When it’s done, we can check the device I/O statistics again:
$ iostat -d /dev/dm-3 2 5 | { head -3 ; grep dm-3 ; }
Linux 5.15.0-105-generic (asusrog) 05/01/2024 _x86_64_ (8 CPU)
Device tps kB_read/s kB_wrtn/s kB_dscd/s kB_read kB_wrtn kB_dscd
dm-3 27,29 4606,04 3048,04 0,00 449510259 297463396 0
dm-3 66,50 0,00 264,00 0,00 0 528 0
dm-3 0,00 0,00 0,00 0,00 0 0 0
dm-3 0,00 0,00 0,00 0,00 0 0 0
dm-3 0,00 0,00 0,00 0,00 0 0 0
The last three reads of kB_read/s and kB_wrtn/s are 0, so no other processes are using the device and we can safely unmount the USB drive.
2.3. Safely Unmounting the USB Drive
Using the sync command before umount is a recommended practice, although not always strictly necessary. sync forces the system to write all unused data buffers to the drive, ensuring that all pending operations are completed before unmounting the drive. This is especially important to prevent data loss:
$ sync
sync produces no output, but it doesn’t terminate until all operations on all disks have been completed. Therefore, sync may exit immediately or after a few seconds. If it doesn’t exit at all, we need to investigate as in the previous steps.

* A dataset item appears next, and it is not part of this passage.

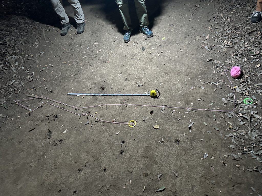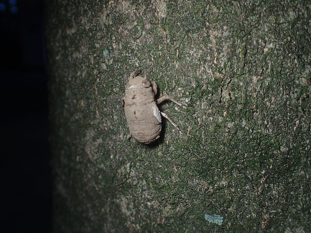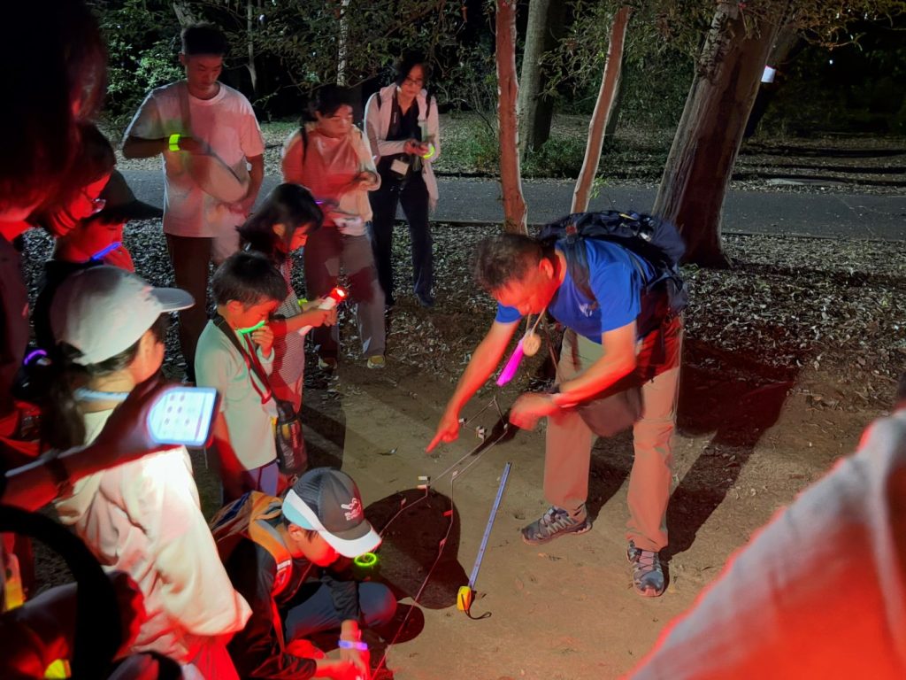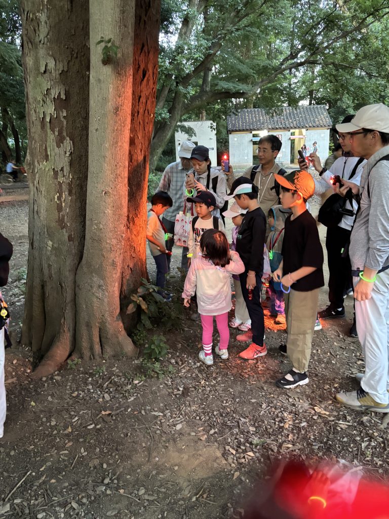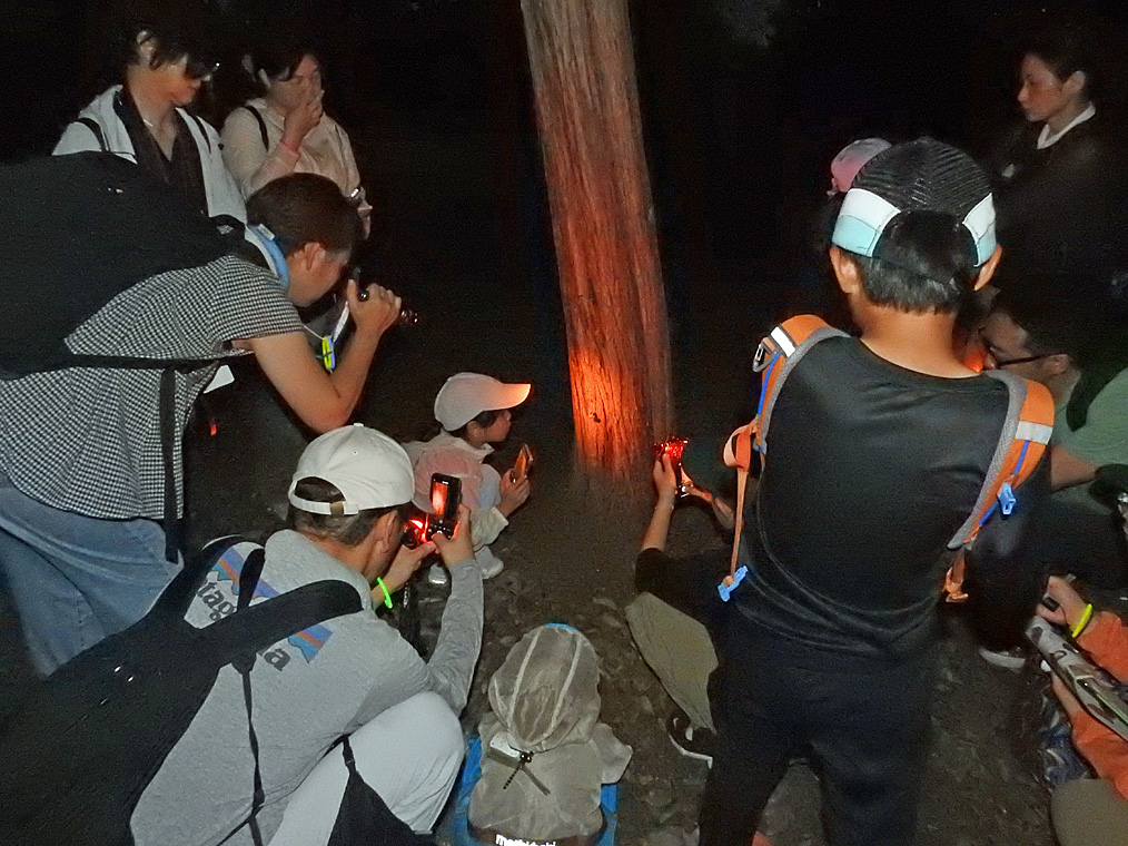 羽化観察をしている間もスタッフ数名がニイニイゼミとアブラゼミの幼虫の追跡を継続して軌跡を印すことができ、羽化観察の後にニイニイゼミとアブラゼミの幼虫の歩いた軌跡を参加者とともに観察でき、アブラゼミの幼虫は発見した箇所から木に登ったところまでの軌跡を観察できました。最後に全員で集合した場所で地面を歩くアブラゼミ幼虫が突如出現。こういう幼虫が園路に出てきて踏まれていることを伝え、参加者の感想を聞いて解散。セミの幼虫はすぐに木に登ると思っていたけど違うと知り驚いたという参加者もいました。夜の公園での観察をみんなで楽しむことができました。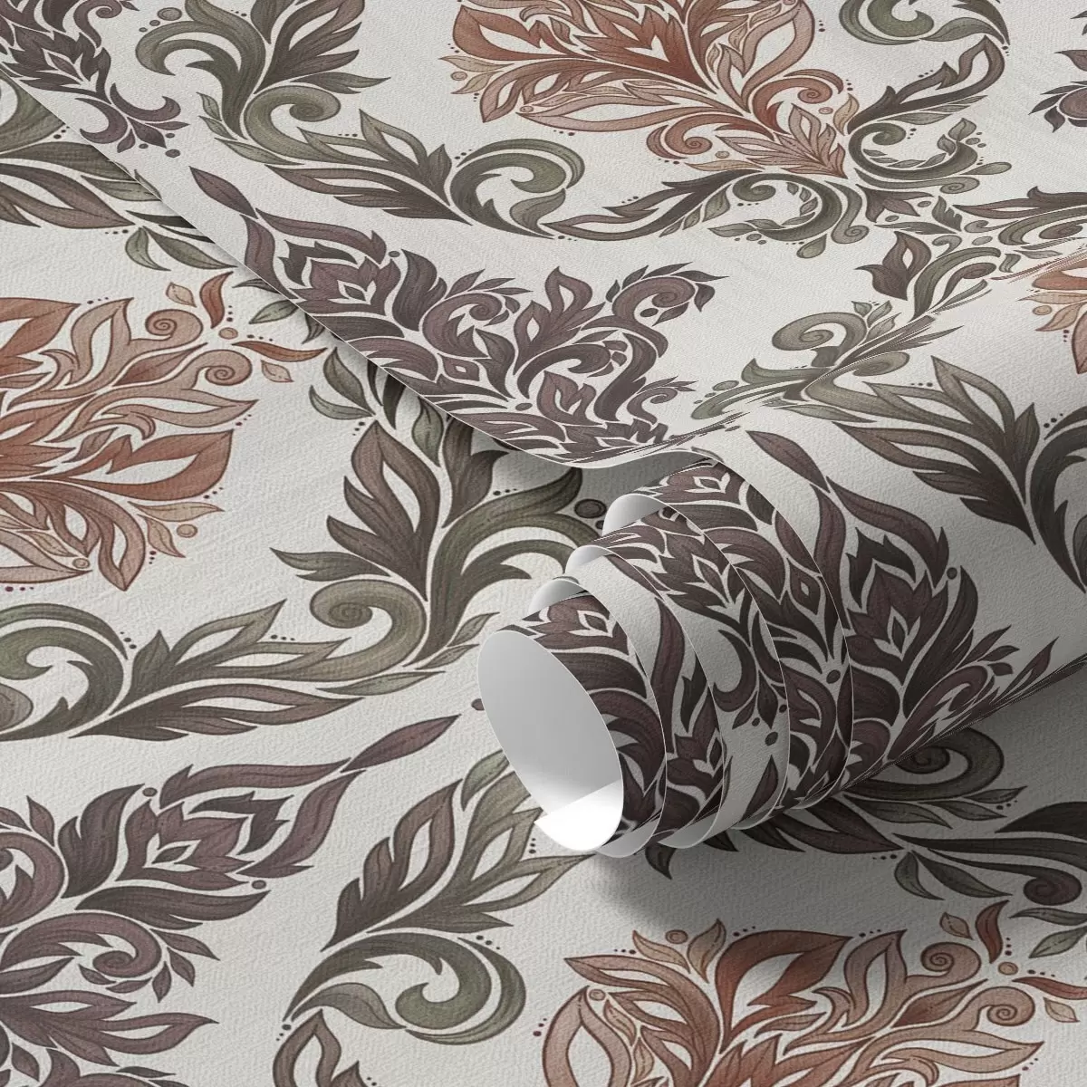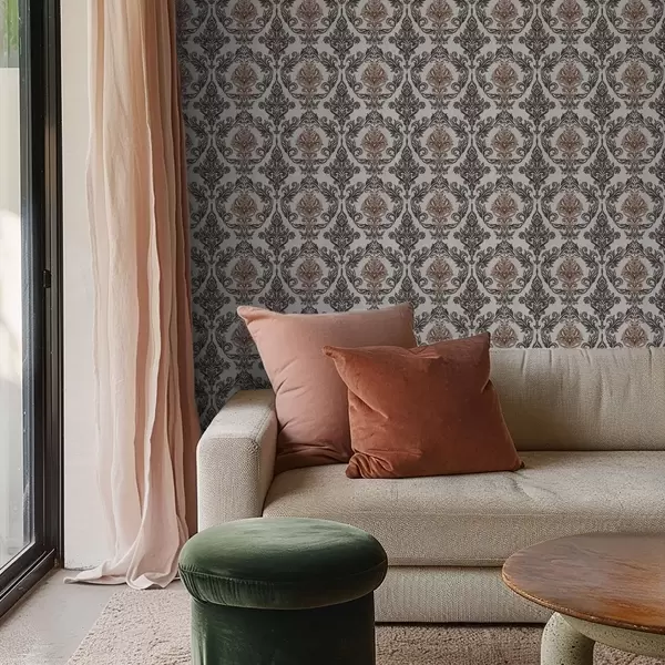 Tapeta Дамаск са бакарно-смеђим акцентима на светлој подлози бр. a00828v4

Once the sync operation is complete, let’s unmount the USB device. We can use the umount command followed by the mount point or by one of the two equivalent device names we identified earlier:
$ umount /dev/dm-3
umount detaches the storage device’s filesystem from the computer’s main filesystem, making it safe to physically remove the device. However, as an extra precaution, let’s wait a few seconds to make sure that the disk LED shows no activity.
Finally, it’s worth noting that depending on the configuration of our Linux machine, some of the commands described so far may require root privileges.
3. Conclusion
In this article, we’ve learned the critical steps and precautions for safely removing USB drives under Linux. We’ve seen how to verify device usage and perform proper unmounting procedures to prevent potential data loss or corruption.
It’s important to remember that the integrity of our data depends heavily on strict adherence to these best practices. In addition, we should take every precaution to avoid physical damage, shock to the disks during use, and power outages.